Today, we no longer fall for fanciful stories of future success without proof of concept. The bursting dotcom bubble taught us that, but we are experiencing a new kind of bubble where emperors are appearing with their new clothes in the form of big players that will ultimately fall down.
I nominate Klout as one of these. The website shows you how influential you are across different social networks. In principle it’s a nice idea, but in execution it is hopelessly flawed. The Twitter account of Big Ben Clock is, according to Klout, highly influential about drugs. Why? Because the only thing Big Ben Clock ever posts is the word “bong”.
When the US Masters golf tournament was on this year, Klout told me I was highly influential about US Masters, despite the fact that I had never mentioned the tournament, or golf. The link was in my surname.
Aside from the scoring system on Klout being iffy, another problem is its reliance on a defined list of social networks, excluding others and individual blogs. Many influential journalists who haven’t even heard of Klout are now ignored by PR companies who have fallen for the notion that a Klout score is THE measure of importance.
Klout, though, creates profiles for people who haven’t even heard of it. If you retweet something by someone who is a Klout member, Klout then gives that person a score. So it’s full of people with low scores. Why? Because those people aren’t interacting with Klout – nothing to do with them being influential or not.
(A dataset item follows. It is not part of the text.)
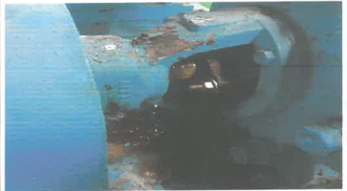
급수펌퍼1호기 바킹교체 및 고정볼트·너트교체

A growing number of commentators are cynical about Klout, going as far as to say it’s worthless as a measure of influence. I think either Klout needs to improve its methodology or it will die, to be remembered (just like Boo.com) as being ahead of its time.
- More proof that Klout is ridiculous (Monty’s Outlook)
- Nope, I still could not care less about your Klout score (Heliade.net)
- Klout gets clobbered for tweaks to scoring system (Internet Revolution)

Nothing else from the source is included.